Eu, Maressa, entendo que o tipo 2 (ondulado) não tem definição. Mas decidi trazer o papo 4C porque a questão passa por outros elementos: estamos falando de cabelos crespos e sem definição. Estamos falando da experiência de mulheres negras e crespas que se vêem pouco representadas nas mídias. Estamos falando de um tipo de cabelo que está na “outra ponta”, que sofre ataques racistas frequentemente. Estamos falando afinal, de um tipo de cabelo que diz sobre a estética negra: historicamente desvalorizada. Assim, o papo 4C foi pensado considerando essas experiências.
Com isso, não quero dizer que a experiência de quem é ondulada deve ser esquecida. Na verdade, aponto aqui os motivos que me levaram a trazer essas trajetórias. A trajetória ondulada e a abordagem e a questão da definição apareceu aqui no blog através da Giovanna, que fez um texto lindo *–* Dá uma olhadinha:
http://cacheia.com/2014/06/a-ditadura-do-cacho-perfeito/
Abraços!
Ster Nascimento
6 de agosto de 2015 at 00:37
É muito amor pra um post só! <3
Ana
6 de agosto de 2015 at 03:14
Muito construtivo!
Quero parabenizá-las pelo Cacheia! – e incentivá-las a continuarem firmes e fortes neste empreendimento, que tem uma abordagem tão politizada. Tão relevante quanto os cuidados capilares, são as reflexões sobre as questões capilares – consumo, auto-estima, padronização, hierarquização, preconceito, etc e tal. Posso parecer mórbida, mas fico pensando que no dia da minha morte – idealizada, no hospital ou dormindo – não serão os produtos ou técnicas capilares que lembrarei, mas da vida que vivi, cativando amor próprio (expresso, sim, no meu cabelo!) e alheio. Gosto muito das dicas capilares, mas percebo que uma imensa maioria dos blogs (instagrans, canais do youtube) limita-se neste tópico – ou então não problematiza as raízes do porque o cabelo, para um (a) cacheado(o), ser um constituinte identitário tão significativo. Além disso, é de suma importância atentar-se para as questões étnicas – ignorá-las não vai fazer com que elas não existam e norteiem essas questões que parecem puramente estéticas (para alguns até “fúteis”). Silenciar tais temas só faz com que eles continuem permeados pela ignorância, dada em tantas demonstrações que as meninas de cabelo 4 percebem no seu cotidiano. Eu sou branca, de cabelo 2c (meio desleixado), descente de negros no viés paterno e que, por tantas vezes, percebo meu próprio pai (moreno café-com-leite, cabelo curto de aparência ondulada) criticar o black power do cara ou da moça da tv. É desolador, porque minha bisavô, uma baiana negra de cabelo 4 com noventa e poucos anos, provavelmente teve pais ou avós que vivenciaram a escravidão e, posteriormente, foram estigmatizados segundo critérios racistas e eugenistas e viram seus descendentes levados à adaptação ao modelo de cidadão brasileiro(o branco-urbano-alfabetizado, “quase um europeu”) através do branqueamento. O passado, de modo algum, tem um fim em si! Muito traços e moldes daquilo que não é tão distante ainda estão no nosso presente.
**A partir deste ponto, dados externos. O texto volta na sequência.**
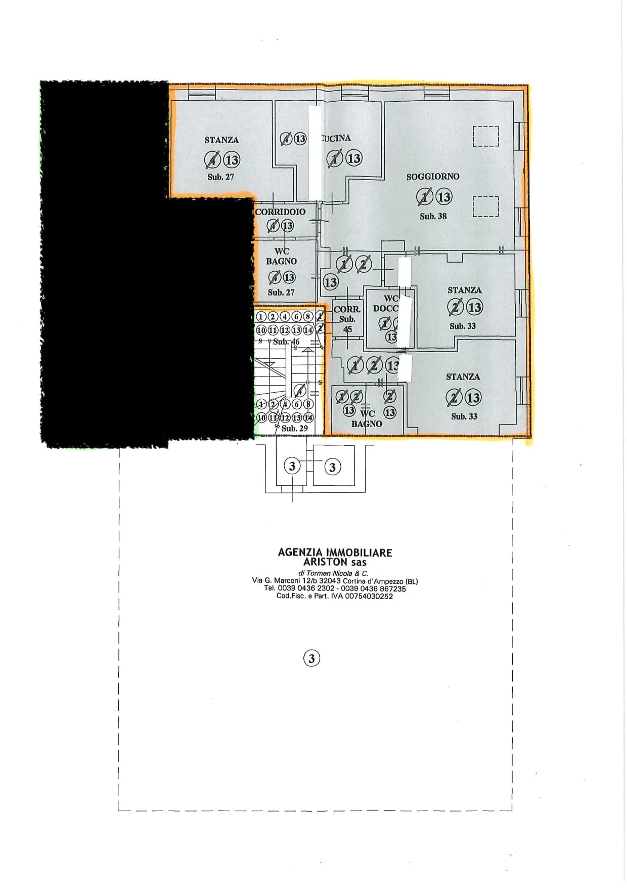 Proponiamo in vendita appartamento al piano secondo e composto da ingresso, ampio soggiorno con stufa tipica ampezzana, cucina separata abitabile, 2 camere matrimoniali, 1 doppia, 3 bagni. Inoltre l’appartamento dispone di un posto auto interno ed una cantina. Esposizione sud-est.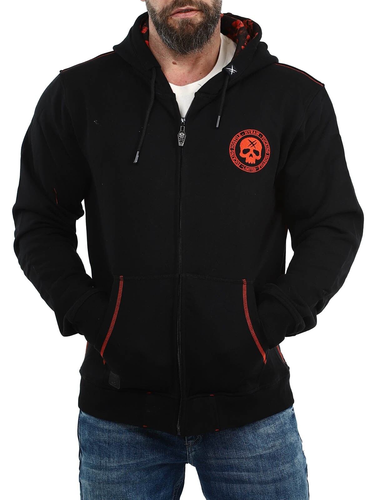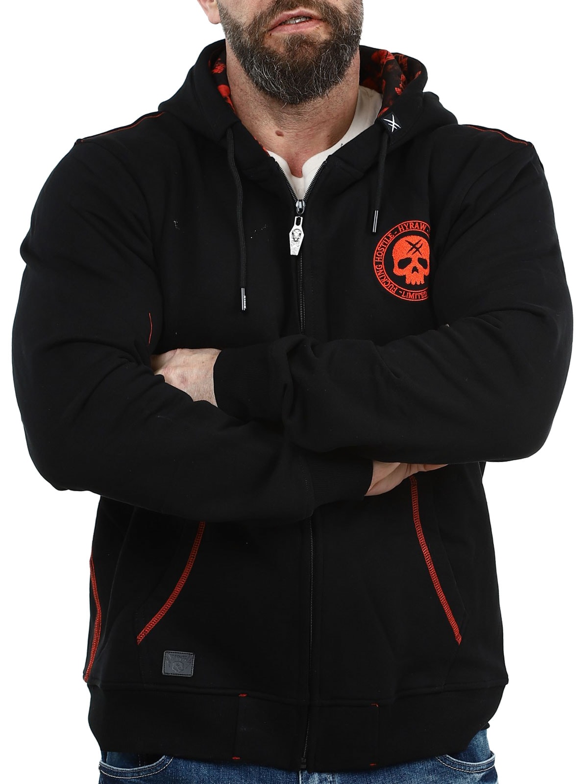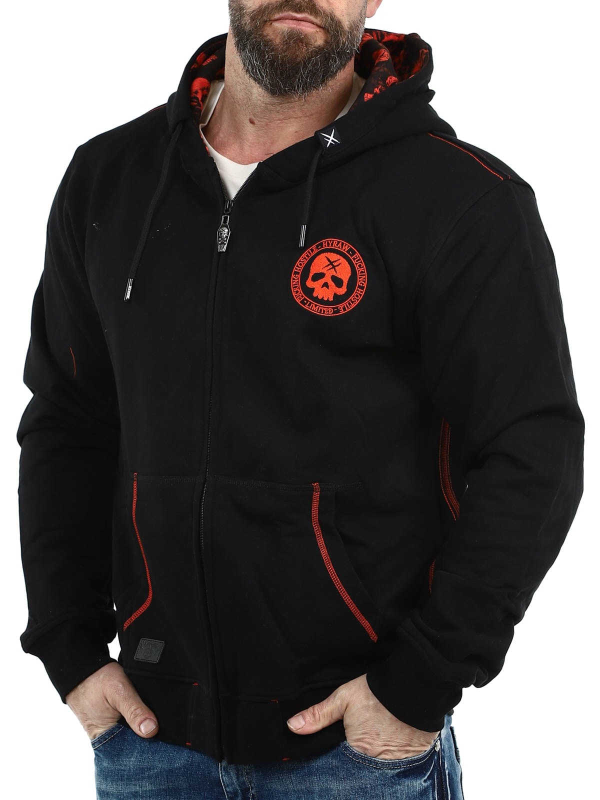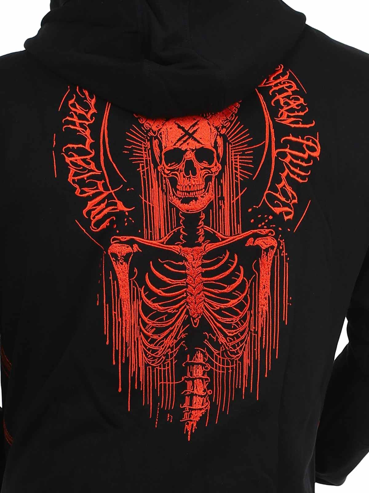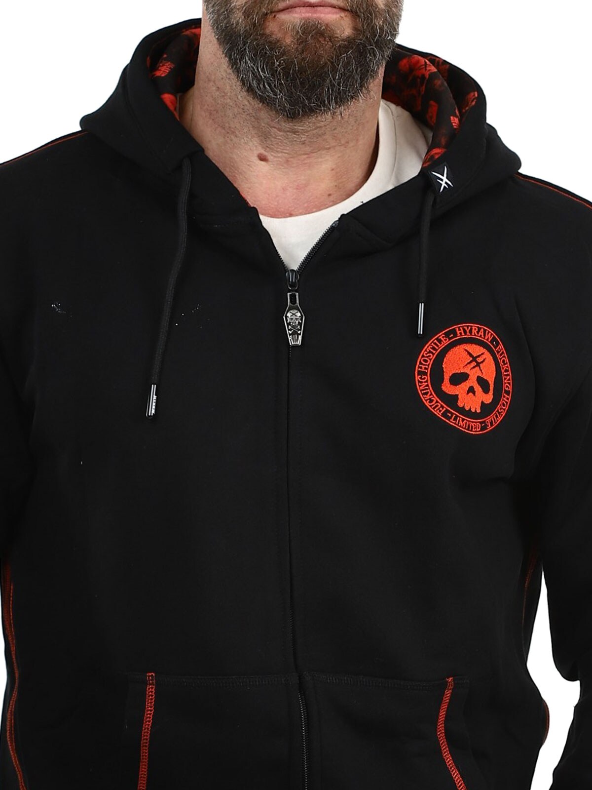 A cool hoodie designed with a large red embroidered print on the back and a smaller print on the chest. It features a hood with drawstrings and two open front pockets. The hoodie also has a unique print on the inside of the hood that really stands out when the hood is worn, giving the garment an extra cool detail.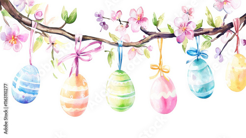 watercolor, easter egg, hanging, tree branch, ribbon, spring, blossom, pastel, festive, nature, delicate, artistic, whimsical, floral, gentle, bright, airy, serene, detailed, hand-painted, countryside, charming, vibrant, dreamy, peaceful, joyful, elegant, expressive, calm, scenic, fresh, seasonal, decorative, celebration, illustration, picturesque, nostalgia, tender, warm tones, intricate, ornamental, renewal
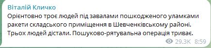 Также он сообщил, что ориентировочно три человека могут находиться под завалами поврежденного обломками ракеты складского помещения в Шевченковском районе. Трех человек достали. Поисково-спасательная операция продолжается.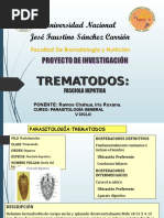 localizados anteriormente a ellos. En los mrgenes laterales estn las glndulas vitelgenas, formadas por finos folculos. Tegumento recubierto por numerosas espinas dirigidas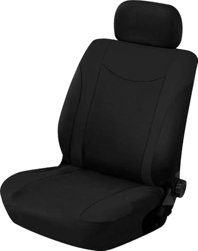 Coprisedile singolo adatto per tutte le auto e per sedili con braccioli Airbag compatibile Il prodotto include un kit di ganci per il fissaggio Il coprisedile è realizzato con tessuto elastico e fornisce massima aderenza al sedile Colorazione nero e grigio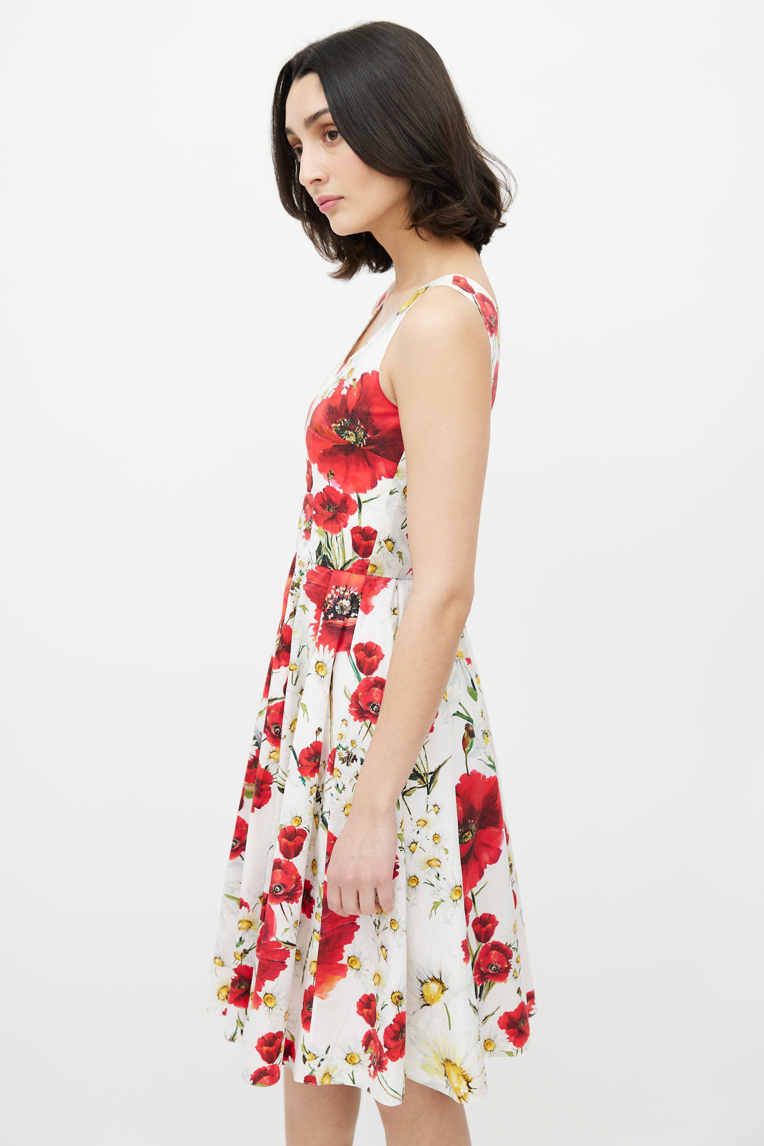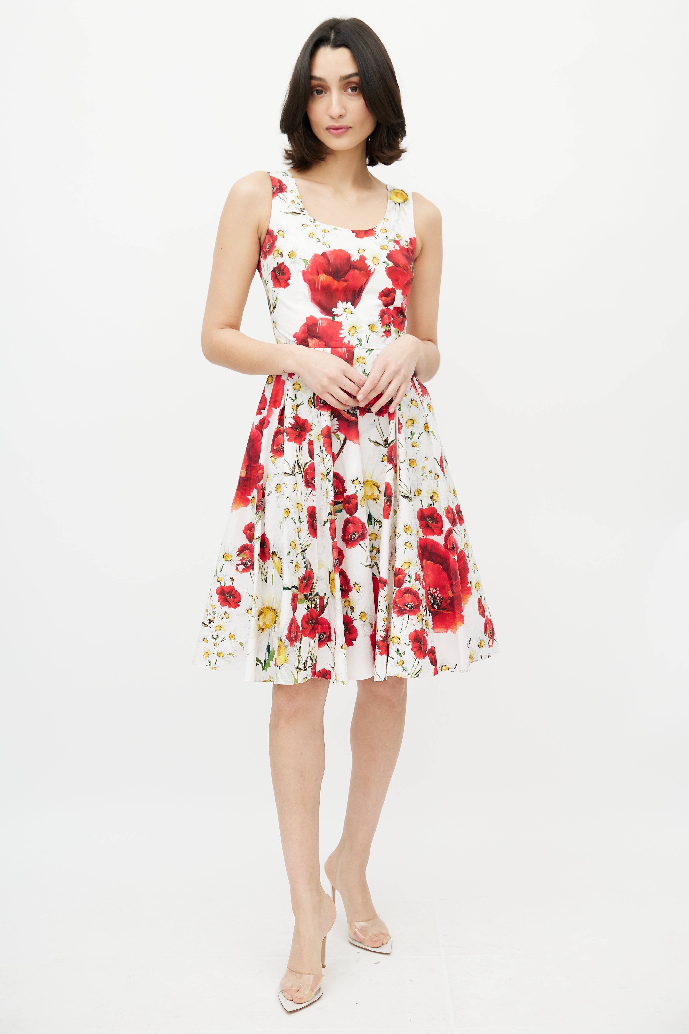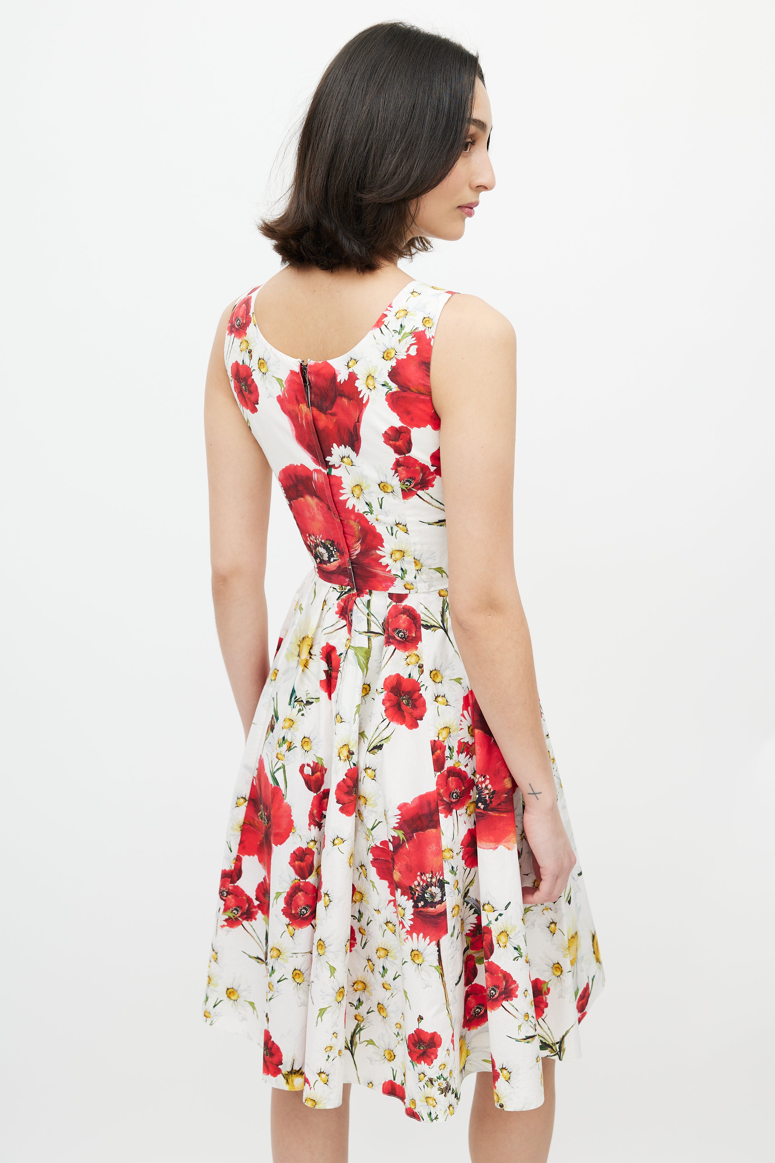 Pre-owned Dolce & Gabbana white and multicolour dress featuring floral print, round neckline, pleated A-line skirt, and concealed zip closure at back. Partially lined.

Ah, desculpa pela extensão do comentário, mas precisava desabafar e a ocasião foi oportuna – às vezes fico tão abalada com coisas desse tipo acontecendo no dia-a-dia que, desesperançosa, generalizo a humanidade como matéria escrota e perdida! Fico pensando se isso é drama, realismo ou empatia… Prefiro acreditar que é última.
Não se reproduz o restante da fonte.